Dutch (or German) compound words in search functions (in PHP)

Question

I have been having an issue with building a search function for a while now that I'm building for a cooking blog.

In Dutch (similar to German), one can add as many compound words together to create a new word. This has been giving me a headache when wanting to include search results that include a relevant singular word inside compound words. It's kind of like a reverse Scunthorpe problem, I actually want to include certain words inside other words, but only sometimes.

For example, the word rice in Dutch is rijst. Brown rice is zilvervliesrijst and pandan rice is pandanrijst. If I want these two to pop up in search results, I have to search whether words exist inside a word, rather than whether they are the word.

However, this immediately causes issues for smaller words that can exist inside other words accidentally. For example, the word for egg is ei, while leek is prei. Onion is ui, while Brussel sprouts are spruitjes. You can see that accepting subsections of strings being matching the search strings could cause major problems.

I initially tried to grade what percentage of a word contains the search string, but this also causes issues as prei is 50% ei, while zilvervliesrijst is only about 25% rijst. This also makes using a levenshtein distance to solve this very impractical.

My current solution is as follows: I have an SQL table list of ingredients that are being used to automatically calculate the price and calorie total for each recipe based on the ingredient list, and I have used this to add all relevant synonyms to the name column. Basically, zilvervliesrijst is listed as zilvervliesrijst|rijst. I also use this to add both the plural and singular version of a term such that I will not have to test those.

However, this excludes any compound words in any place other than the ingredient list. Things such as title, cuisine, cooking equipment, dietary preferences and so on are still having this problem.
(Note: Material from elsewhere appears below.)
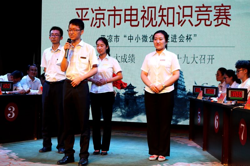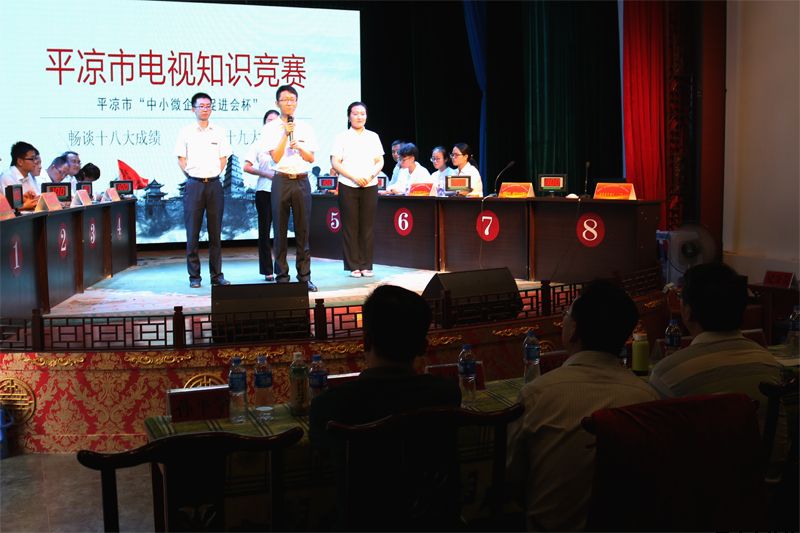 7月26日上午,參加全市“中小企業(yè)促進(jìn)會杯”暢談十八大成績·喜迎十九大召開電視知識競賽復(fù)賽階段比賽的32支隊伍,為取得決賽的入場券在崆峒區(qū)“崆峒笑談”傳承演藝中心展開激烈角逐,我公司參賽隊代表中省駐平及市屬企業(yè)賽區(qū)參加競賽。

My question is this, is there a non-library-esque method that addresses this within the field of computer science? Or will I be doomed to include every single possible searchable compound word and its singular components, every time I want to add in a new recipe? I just hope that's not the case, as that will massively increase the processing time required for each additional library entry.

I think what you are looking for is generally referred to as "stemming" - reducing a word down to its "stem", or "lemma". This is a hard problem - natural languages are complex, full of exceptions and contradictions, so simple rules quickly fail. You are definitely better off looking for an existing full-text search package that has this functionality built in for the languages you're interested in; often these are built into data stores as a special kind of index. — IMSoP, Feb 07 '23 at 09:57
Hmm, that's unfortunate. The thing is that some recipes are relatively unique, so most title words will likely not be in there. Things like chocolate caramel cake would become chocoladekarameltaart, which is too specific to be in such libraries. Still, it's probably the best approach. But I'm definitely gonna look into stemming, maybe there are a few tips in that theory that could help me at least a little. Thanks! :) — Pepijn Ekelmans, Feb 07 '23 at 10:01
You don't need the tool to know the word "chocoladekarameltaart", only to consider "chocolade", "karamel", and "taart" as likely components when it analyses it. I don't know exactly how such tools work, but I'd be very surprised if a full-text search optimised for Dutch failed to recognise those as components. — IMSoP, Feb 07 '23 at 10:19
That's true, but there are some terms that don't exist in the Dutch dictionary. For example, lemon meringue pie is still often titled as lemon-meringuetaart. Thing is that this might end up having to become a balance between an algorithmic approach and an approach based on exceptions. — Pepijn Ekelmans, Feb 07 '23 at 10:44
The tools *already will be* that compromise. Yes, they might be missing some terms, but they might have a way to add those to the lexicon and have them interact with the algorithm. I really don't think this is something you want to build yourself, other than purely as a learning exercise; you want to "stand on the shoulders of giants" who have already spent weeks on the problem. — IMSoP, Feb 07 '23 at 10:49

rici · Answer 1 · 2023-02-08T00:41:58.200

I think it will be hard to do this well without using a library, and probably also a dictionary (which may be bundled as part of the library).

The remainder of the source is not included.